Epidemiology of Osteoporotic Fracture: an overview
By Fiona Kirkham-Wilson1 and Elaine Dennison2
1Hampshire Hospitals NHS Foundation Trust
2MRC Lifecourse Epidemiology Centre Southampton
Introduction
Osteoporosis is a disease of reduced bone mineral density and changes to the microstructure of bone causing a weakening and associated increased risk of fracture. Women are at higher risk of sustaining a fragility fracture than men, in part due to the impact of menopause on bone mineral density (BMD). These osteoporotic fractures have an associated increased morbidity while hip and vertebral fractures also increase mortality risk up to 5 years post-fracture. It is also clear that as the population ages, the incidence of osteoporosis and resultant fractures is increasing, although this is not evenly distributed across the globe. In particular co-morbidities and lifestyle factors contribute significantly to the risk of developing osteoporosis – addressing these factors presents an opportunity to reduce the incidence of fracture.
Definition of osteoporosis
Although the definition of osteoporosis has traditionally used a BMD threshold of more than 2.5 standard deviations (SD) below the young, adult mean [1], it does not include the micro-architectural changes independent of BMD which contribute to the increased risk of fracture. More recently clinicians have moved to assessing an individual’s 5- or 10-year absolute risk of an osteoporotic fracture [2] through algorithm-based screening tools to better define and treat those with or at risk from osteoporosis, such as FRAX.

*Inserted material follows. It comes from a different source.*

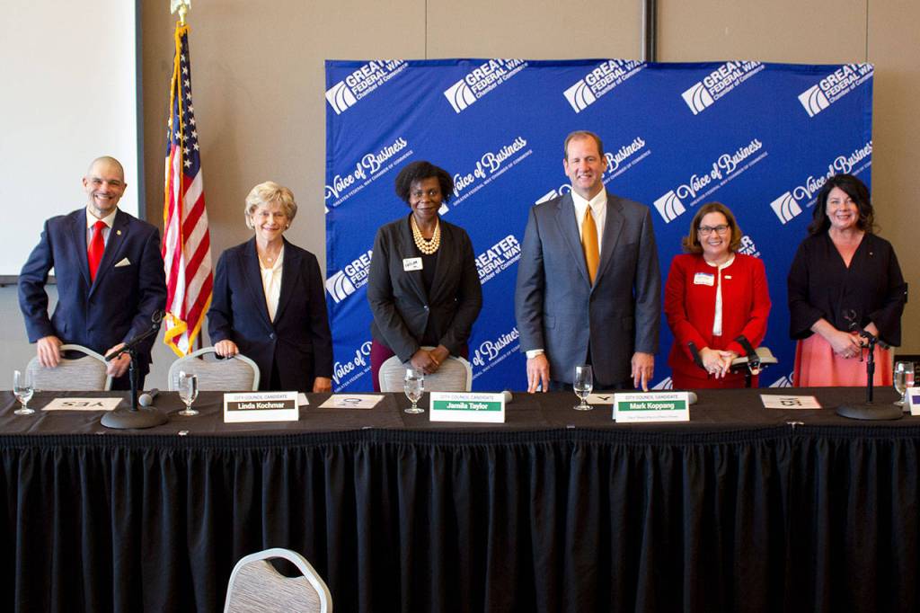Federal Way City Council candidates vying for three contested seats on the council this November addressed public safety, the city’s strong mayor form of government and ways to reduce permitting challenges in the city during the Greater Federal Way Chamber of Commerce’s forum on Wednesday at the Federal Way Performing Arts and Event Center.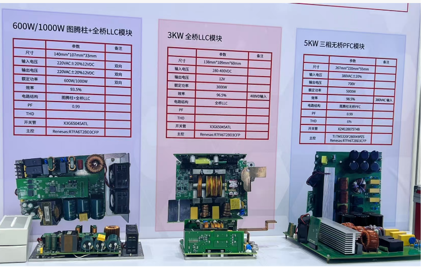 宽禁带功率器件原厂芯干线展示了基于瑞萨MCU的多款数字电源解决方案,包括高效率PFC和逆变器模块。

Definition of osteoporotic fracture
A fragility fracture is defined as one that occurs after only moderate trauma (equivalent to a fall from standing height or less). The areas of fracture are typically in bones with higher levels of the spongy trabecular bone which is far more porous than compact bone formed of harder osteons. Trabecular bone is found in the ends of long bones, vertebrae, and the flat bones of the axial skeleton, such as the pelvis. This explains the typical distribution of osteoporotic fractures, which are more common in women and rates increase exponentially with age.
Incidence and prevalence
As the global population ages the incidence of disease associated with the ageing process increases, as is the case for osteoporosis and osteoporotic fractures. In 2018 the International Osteoporosis Foundation (IOF) estimated that there are 16 million women and 4 million men living with osteoporosis across the 6 European Countries included: France, Germany, Italy, Spain, Sweden, and the United Kingdom [3]. In the UK it is estimated that one in two women and one in five men aged over 50 will have an osteoporotic fracture in their lifetime [4]. A diagnosis of osteoporosis increases the risk of fracture, but there are many other contributing factors to absolute risk including co-morbidities, sex and fracture site. All osteoporotic fractures have an associated increased in morbidity, but hip and vertebral fractures show a clear association with increased mortality up to 5 years following the fracture in both sexes. Distal forearm fractures have been associated with a slight excess mortality in men only [5 ].
Hip fracture
Rates of hip fracture rise exponentially from age 50 with a 2:1 ratio between women and men. Temperate climates, such as the UK, see a seasonal variation in the rates of fracture, with winter contributing the most fractures, although most of these injuries occur indoors.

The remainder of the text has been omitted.